I can write a templated function this way
template<class T> void f(T x) {…}
or this way
template<class T> void f(T const& x) {…}
I guess that the second option can be more optimal as it explicitly avoids a copy, but I suspect that it can also fail for some specific types T (eg functors?).
So, when should use the first option, and when to use the second? There are also this boost::call_traits<T>::param_type and boost::reference_wrapper that were in the answers to my previous question, but people don't use them everywhere, do they? Is there a rule of thumb for this? Thanks.
Is there a rule of thumb for this?
The same general rules for when to use pass by reference vs. pass by value apply.
If you expect T always to be a numeric type or a type that is very cheap to copy, then you can take the argument by value.
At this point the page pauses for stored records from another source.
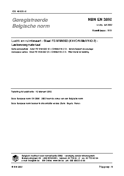 NBN EN 3890:2002
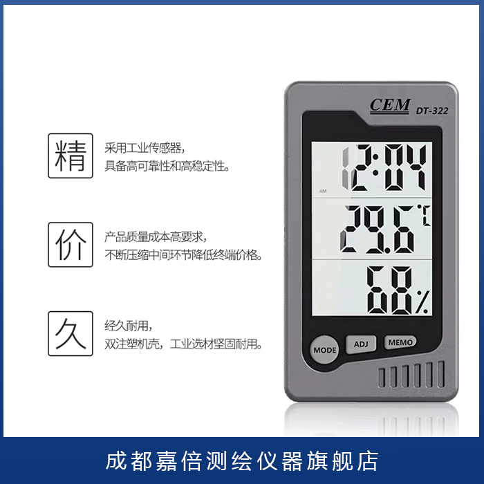 CEM Changchang DT-322 Home Electronic Dry Wet Humitometer Indoor Multifunction Baby Room Humitometer
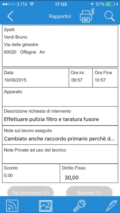 Una volta creato il rapportino, con pochi tap, è possibile assegnare il cliente, l’apparato se lo si desidera, specificare il tipo di intervento effettuato, la durata e gli eventuali ricambi utilizzati durante l’intervento.
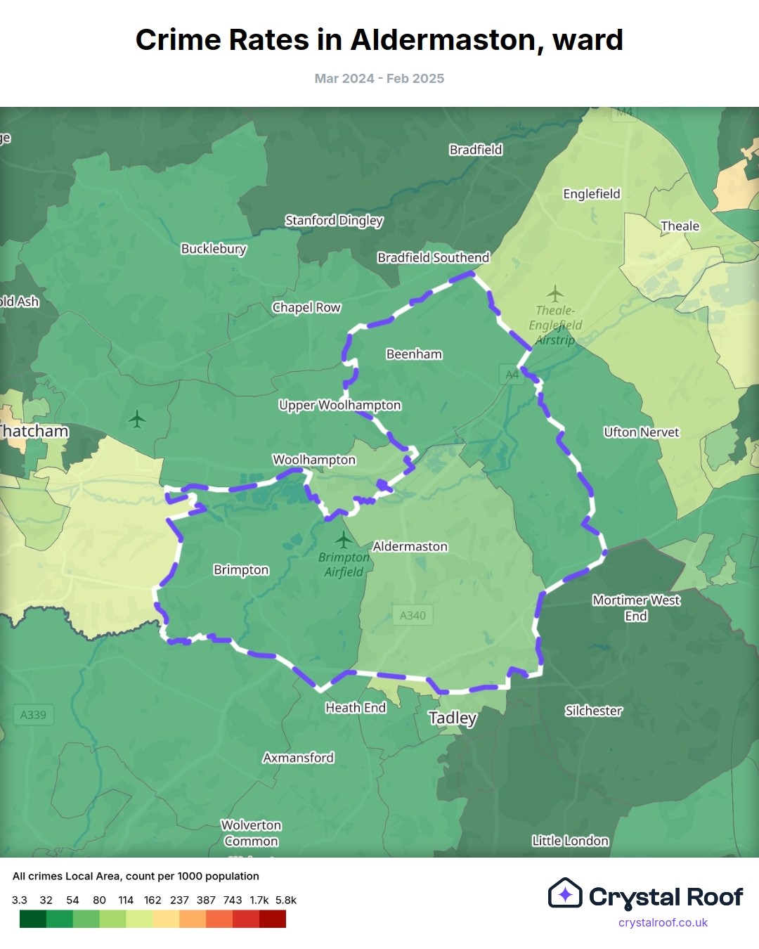 Aldermaston, (ward) includes areas with the following crime ratings (see map):

If you are going to make a copy of the argument into a local variable in the function anyway, then you should take it by value to help the compiler elide copies that don't really need to be made.
Otherwise, take the argument by reference. In the case of types that are cheap to copy, it may be more expensive but for other types it will be faster. If you find this is a performance hotspot, you can overload the function for different types of arguments and do the right thing for each of them.
I suspect that it can also fail for some specific types
Pass by reference-to-const is the only passing mechanism that "never" fails. It does not pose any requirements on T, it accepts both lvalues and rvalues as arguments, and it allows implicit conversions.
Thou shalt not wake the dead, but head a similar problem and here's some example code that shows how to use C++11s type traits to deduce whether a parameter should be passed by value or reference:
#include <iostream>
#include <type_traits>
template<typename key_type>
class example
{
using parameter_type = typename std::conditional<std::is_fundamental<key_type>::value, key_type, key_type&>::type;
public:
void function(parameter_type param)
{
if (std::is_reference<parameter_type>::value)
{
std::cout << "passed by reference" << std::endl;
} else {
std::cout << "passed by value" << std::endl;
}
}
};
struct non_fundamental_type
{
int one;
char * two;
};
int main()
{
int one = 1;
non_fundamental_type nft;
example<int>().function(one);
example<non_fundamental_type>().function(nft);
return 0;
}
Hope it helps others with a similar issue.
Besides what James McNellis wrote, I just want to add that you can specialize your template for reference types (for example like this)
boost::traits has a type trait that selects the "best" type, based on T:
call_traits<T>::param_type
As already mentioned, there are no template-specific issues.